# FiveThirtyEight: 2016 state polls

#### Import Python tools

In [1]:
%load_ext lab_black

In [2]:
import pandas as pd
import geopandas as gpd
import altair as alt
import altair_stiles as altstiles
import numpy as np
import us
import urllib.request, json
import glob
import os
import requests
import pandas as pd
from selenium import webdriver
from selenium.webdriver.chrome.options import Options
from selenium.webdriver.chrome.service import Service
from bs4 import BeautifulSoup
import os
import time

In [3]:
alt.themes.register("stiles", altstiles.theme)
alt.themes.enable("grid")

ThemeRegistry.enable('grid')

In [4]:
pd.options.display.max_columns = 1000
pd.options.display.max_rows = 1000
alt.data_transformers.disable_max_rows()
pd.set_option("display.max_colwidth", None)

In [5]:
today = pd.to_datetime("today").strftime("%Y-%m-%d")

---

## Harvest data 

#### First get a list of state names

In [6]:
all_features = []

for st in us.states.STATES:
    states_dict = {
        "fips": st.fips,
        "name": st.name,
        "abbr": st.abbr,
        "is_continental": st.is_continental,
        "statehood_year": st.statehood_year,
        "capital": st.capital,
        "capital_tz": st.capital_tz,
        "ap_abbr": st.ap_abbr,
        "shapefile_urls": st.shapefile_urls(),
    }
    all_features.append(states_dict)

In [7]:
states = (
    pd.DataFrame(all_features)
    .sort_values("fips", ascending=True)
    .reset_index(drop=True)
)

In [8]:
states = list(states["name"].str.lower().str.replace(" ", "-"))

---

#### Loop through list of states to download json data about each

In [9]:
path = "/Users/stiles/github/chromedriver"
s = Service(path)
driver = webdriver.Chrome(service=s)

In [None]:
data = []
dfs = []

for state in states:
    state_url = f"https://projects.fivethirtyeight.com/2016-election-forecast/{state}/"
    driver.get(state_url)
    time.sleep(1)
    html = driver.page_source
    soup = BeautifulSoup(html, "html.parser")
    table = soup.find("table", {"class": "t-calc"})
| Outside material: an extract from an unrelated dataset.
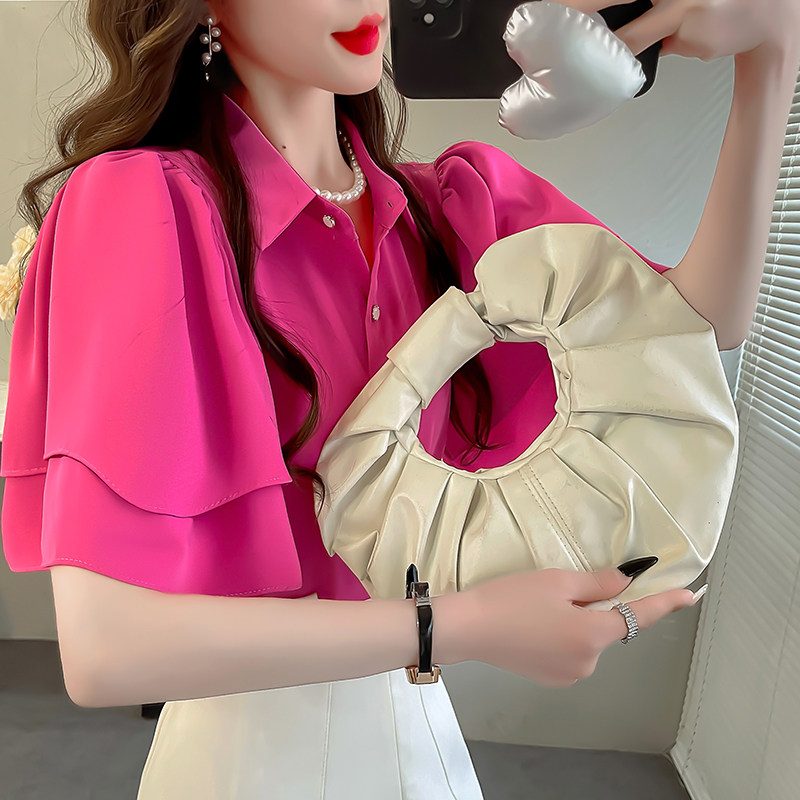 韩版宽松雪纺上衣女夏轻奢高级感衬衣荷叶边设计纯色短袖翻领衬衫

    for row in table.select("tbody tr"):
        data.append(
            dict(
                zip(
                    [x.text for x in soup.select("thead th")],
                    [x.text.strip() for x in row.select("th,td")],
                ),
                state_name=state,
            )
        )

In [None]:
df = pd.DataFrame(data)

In [None]:
df.columns = [
    "drop",
    "description",
    "dem_polling",
    "gop_polling",
    "other_polling",
    "extra",
    "state",
    "drop",
]

In [None]:
df = df[df["description"] == "Polling average"].drop(["drop", "extra"], axis=1)

In [None]:
df["dem_polling"] = df["dem_polling"].str.replace("%-", "", regex=False).astype(float)
df["gop_polling"] = df["gop_polling"].str.replace("%-", "", regex=False).astype(float)
df["other_polling"] = (
    df["other_polling"].str.replace("%-", "", regex=False).astype(float)
)

In [None]:
df = df.drop_duplicates().reset_index(drop=True)

In [None]:
df["state"] = df["state"].str.replace("-", "").str.title()

In [None]:
df["year"] = "2016"

In [None]:
df["gop_polling_margin"] = (df["gop_polling"] - df["dem_polling"]).round(2)
df["dem_polling_margin"] = (df["dem_polling"] - df["gop_polling"]).round(2)

In [None]:
df = df[
    [
        "state",
        "description",
        "gop_polling",
        "dem_polling",
        "other_polling",
        "gop_polling_margin",
        "dem_polling_margin",
        "year",
    ]
]

In [None]:
df["description"] = "538 polling average"

In [None]:
df.to_csv("data/processed/2016_polling_average_states_538.csv", index=False)